You can buy them canned, previously boiled and ready to use, or raw. The second option will always be cheaper (the kilo of chickpeas costs less than € 2), while the first will save you time (a large jar of cooked chickpeas, about 500 grams, costs between € 0.45 and € 3, depending on its origin).
Canned or dried, beans are an incredibly versatile and inexpensive protein source that constitutes a staple of the Mediterranean diet.
Try putting a cup of cooked lentils or chickpeas into a salad, or replace ground beef with black beans in chili, tacos, or pasta sauce. You can also crush all kinds of beans to make delicious spreads and dips, such as hummus and fava.

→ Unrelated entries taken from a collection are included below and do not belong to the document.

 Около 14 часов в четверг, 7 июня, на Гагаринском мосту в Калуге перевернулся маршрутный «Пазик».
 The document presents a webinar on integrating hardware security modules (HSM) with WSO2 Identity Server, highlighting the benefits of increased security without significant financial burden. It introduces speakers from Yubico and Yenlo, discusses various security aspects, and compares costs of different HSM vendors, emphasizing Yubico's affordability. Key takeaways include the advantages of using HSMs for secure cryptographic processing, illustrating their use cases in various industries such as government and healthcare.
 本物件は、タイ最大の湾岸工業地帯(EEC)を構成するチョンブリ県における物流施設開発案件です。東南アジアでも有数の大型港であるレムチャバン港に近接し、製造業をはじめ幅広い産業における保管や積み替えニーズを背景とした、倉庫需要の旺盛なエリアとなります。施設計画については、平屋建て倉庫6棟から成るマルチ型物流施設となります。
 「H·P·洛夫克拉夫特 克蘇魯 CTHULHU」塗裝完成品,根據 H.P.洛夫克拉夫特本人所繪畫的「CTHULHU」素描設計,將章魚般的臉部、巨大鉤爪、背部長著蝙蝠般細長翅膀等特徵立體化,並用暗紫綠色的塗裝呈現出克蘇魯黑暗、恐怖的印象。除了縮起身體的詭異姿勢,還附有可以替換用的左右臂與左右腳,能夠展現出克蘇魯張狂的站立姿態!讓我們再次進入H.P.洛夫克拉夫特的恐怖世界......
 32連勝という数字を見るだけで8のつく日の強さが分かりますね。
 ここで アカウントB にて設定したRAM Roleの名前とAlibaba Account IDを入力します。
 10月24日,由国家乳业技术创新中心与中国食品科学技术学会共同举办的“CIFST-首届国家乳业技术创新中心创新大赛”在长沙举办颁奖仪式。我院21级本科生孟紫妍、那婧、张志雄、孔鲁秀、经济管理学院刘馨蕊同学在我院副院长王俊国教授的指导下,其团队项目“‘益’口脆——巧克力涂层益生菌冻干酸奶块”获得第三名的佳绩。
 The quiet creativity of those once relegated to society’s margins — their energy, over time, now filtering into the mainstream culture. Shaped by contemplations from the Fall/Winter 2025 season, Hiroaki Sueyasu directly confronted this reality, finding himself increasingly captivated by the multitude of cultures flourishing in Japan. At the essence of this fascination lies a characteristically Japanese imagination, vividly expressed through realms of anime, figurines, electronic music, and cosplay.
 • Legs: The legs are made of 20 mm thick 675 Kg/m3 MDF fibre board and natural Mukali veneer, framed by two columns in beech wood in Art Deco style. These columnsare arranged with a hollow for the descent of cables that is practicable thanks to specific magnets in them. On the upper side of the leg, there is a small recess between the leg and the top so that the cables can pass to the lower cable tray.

Prepare an easy and delicious snack: rinse a can of chickpeas, mix them with extra virgin olive oil, sprinkle with salt (or other spices), and roast them in the oven at 425 degrees for 20 or 30 minutes or until they are crispy.
When choosing green leaves to accompany the dishes or create salads, keep in mind that buying whole buds or a tray of endive or endive, for example, will always be cheaper than buying the salad cut and washed in bags.
In addition, the buds and whole romaine lettuce will last longer in the fridge, since it is not cut or processed, but remains in its same trunk and keeps its heart intact while it is consumed. Other options that can come both in bags and in bulk and that are also economical are chard and spinach. None of these options (spinach, chard, romaine lettuce, endive, endive with its trunk, whole iceberg lettuce) exceed € 2 per bag or unit.
To Make Homemade Doughs
Dry or fresh yeast, as well as flours (whole wheat, spelt, rye and oats), always have cheap prices (less than € 2) and with these ingredients, you can make recipes for homemade bread, pizza doughs, or healthy cakes.
Rice and corn pancakes, despite being minimally processed, do not carry unhealthy ingredients and are inexpensive. Other inexpensive and healthy snacks are olives, puffed brown rice, applesauce, and nut cream, such as peanuts.
Nuts And Seeds In Bulk
The Mediterranean diet includes a variety of nuts and seeds, such as almonds, cashews, chestnuts, hazelnuts, pine nuts, pistachios, pumpkin seeds, sesame seeds, and sunflower seeds, and walnuts. Nuts and seeds are extraordinary sources of protein, nutrients, and omega-3 fatty acids, and have been linked to a reduced risk of cancer, heart disease, and diabetes.
However, buying packaged nuts and seeds can quickly raise the cost of purchasing. Instead, buy products in bulk, as you can often find big savings and buy only what you need.
Try sprinkling sunflower seeds on a salad, crushed nuts on roasted vegetables, or pistachios on a cereal-based dish, such as pilaf and couscous. And don’t forget that a handful of nuts can be a hearty and healthy snack.
Other Economic Products
Apple cider vinegar, unsweetened vegetable broth pills, mustard to flavor our dishes, gomasio (mixture of sea salt, sesame, and seaweed), sauerkraut, tofu blocks, textured soy, and spices such as curry powder.
In addition to these economical foods, all seasonal products, as well as local and proximity products, will be cheaper. It is also a good option to take advantage of weekly offers and promotions, buy larger quantities of food that we are going to consume and that is not perishable, as well as analyze the markets or supermarkets before leaving home, to assess what discounts they have for the week.